▶ [EXERCISE DIRECTIONS]: Pictures aside, print all of the data below exactly as written.

▶ [DATA]:
_____

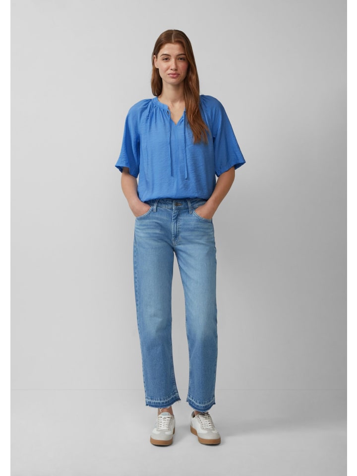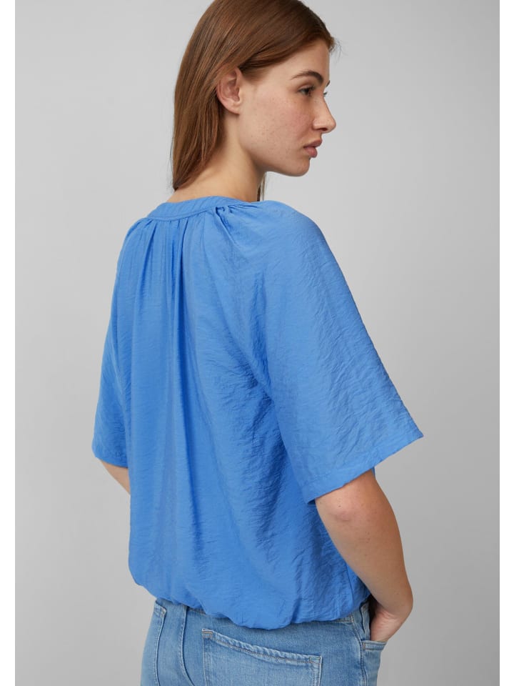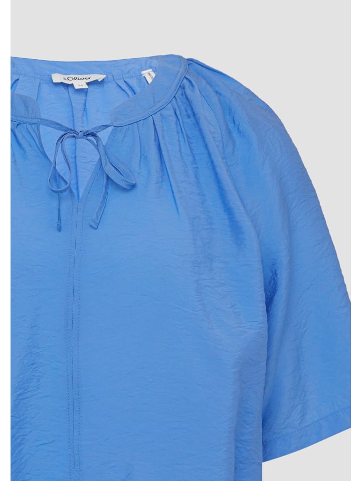 Эта женственная блузка с нежным принтом по всей поверхности и рукавами реглан очаровывает своей воздушной, легкой текстурой. Элегантный воротник-стойка с бантом и эластичный подол создают непринужденный, но стильный образ на каждый день.
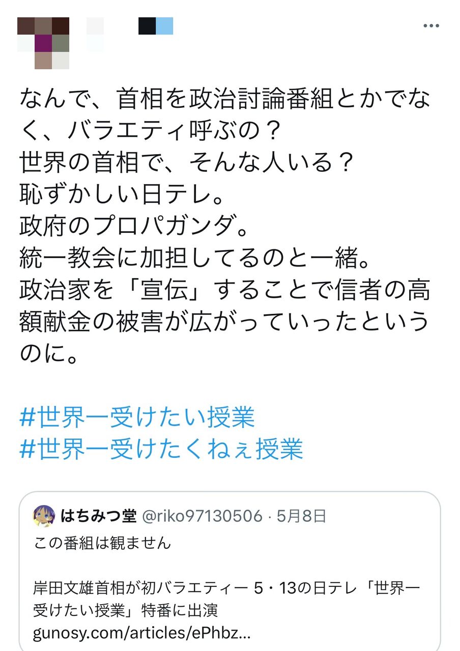 世界一受けたい授業「現役首相をゲストとして招いたら大ウケやろなぁ…w」
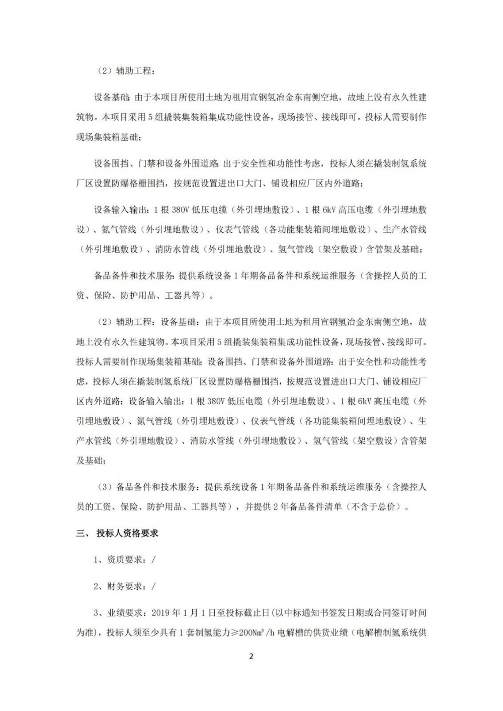 范围:(1)系统供货:提供1部套完整撬装多集装箱组合200nm³/h碱式电解水制氢系统设备,包括但不限于:1套200nm³/h 撬装制氢设备(包含:1台200nm³/h 电解槽、1套气液分离装置、1套氢气纯化装置)、1套制氢电源(主要包括整流变压器、整流器、整流器纯水冷却器、铜排)、1套预制箱式变电站(主要包括高压开关柜、电力变压器)、plc控制柜、工程师站、纯水机组、循环水系统(含循环水塔、循环水泵、循环水箱)、氢气缓冲罐(外置)、配碱箱、补水泵、配碱泵、构网电压支撑型储能(500kw/1165kwh)系统、消防系统、集装箱和生产区域照明、视屏监控系统、上级 6kv/0.4kv 配电电源(主要包括上级电源配电柜改造、供电电缆)、防雷设施(含避雷针)等。

_____

▶ [WRITTEN REPLY]:
 Эта женственная блузка с нежным принтом по всей поверхности и рукавами реглан очаровывает своей воздушной, легкой текстурой. Элегантный воротник-стойка с бантом и эластичный подол создают непринужденный, но стильный образ на каждый день.
 世界一受けたい授業「現役首相をゲストとして招いたら大ウケやろなぁ…w」
 范围:(1)系统供货:提供1部套完整撬装多集装箱组合200nm³/h碱式电解水制氢系统设备,包括但不限于:1套200nm³/h 撬装制氢设备(包含:1台200nm³/h 电解槽、1套气液分离装置、1套氢气纯化装置)、1套制氢电源(主要包括整流变压器、整流器、整流器纯水冷却器、铜排)、1套预制箱式变电站(主要包括高压开关柜、电力变压器)、plc控制柜、工程师站、纯水机组、循环水系统(含循环水塔、循环水泵、循环水箱)、氢气缓冲罐(外置)、配碱箱、补水泵、配碱泵、构网电压支撑型储能(500kw/1165kwh)系统、消防系统、集装箱和生产区域照明、视屏监控系统、上级 6kv/0.4kv 配电电源(主要包括上级电源配电柜改造、供电电缆)、防雷设施(含避雷针)等。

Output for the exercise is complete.